*ABOUT THIS EXERCISE*
Go through the listing that follows and write it out exactly. Drop the pictures.

*INPUT DATA*
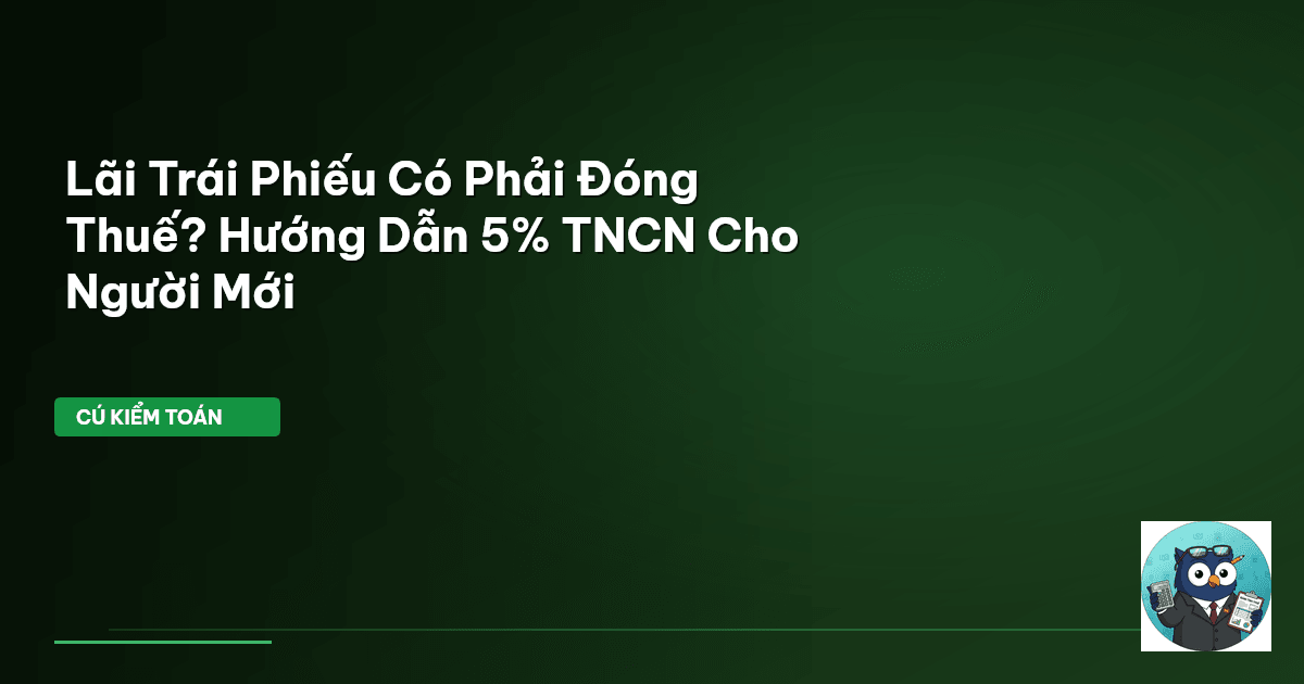 ⏱️ 14 phút đọc · 2751 từ Giới Thiệu Thị trường trái phiếu ngày càng thu hút, đặc biệt là với các nhà đầu tư mới (F0). Nhưng có một con số ít người để ý: thuế thu nhập từ lãi trái phiếu . Đây không phải chuyện nhỏ. Nhiều người nghĩ lãi cứ về tài khoản là của mình, nhưng Cú Kiểm Toán xin đính chính: Không hẳn vậy! Có 5% bị "soi" ngay tại nguồn. Thực tế, thu nhập từ đầu tư vốn, bao gồm lãi trái phiếu, thuộc diện chịu thuế thu nhập cá nhân (TNCN) theo một tỷ lệ nhất định. Điều này được quy định rõ r…
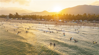 4月23日,在万宁日月湾,游客们学习冲浪,享受着惬意无比的海边生活。
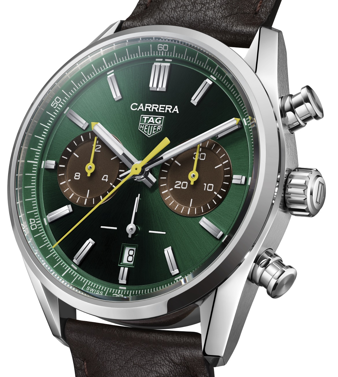 TAG Heuer and a limited version green-brown of Carrera Chronograph (600 watches for European market) for this historical classic challenge.

*SOLUTION FOR THIS PROBLEM*
 ⏱️ 14 phút đọc · 2751 từ Giới Thiệu Thị trường trái phiếu ngày càng thu hút, đặc biệt là với các nhà đầu tư mới (F0). Nhưng có một con số ít người để ý: thuế thu nhập từ lãi trái phiếu . Đây không phải chuyện nhỏ. Nhiều người nghĩ lãi cứ về tài khoản là của mình, nhưng Cú Kiểm Toán xin đính chính: Không hẳn vậy! Có 5% bị "soi" ngay tại nguồn. Thực tế, thu nhập từ đầu tư vốn, bao gồm lãi trái phiếu, thuộc diện chịu thuế thu nhập cá nhân (TNCN) theo một tỷ lệ nhất định. Điều này được quy định rõ r…
 4月23日,在万宁日月湾,游客们学习冲浪,享受着惬意无比的海边生活。
 TAG Heuer and a limited version green-brown of Carrera Chronograph (600 watches for European market) for this historical classic challenge.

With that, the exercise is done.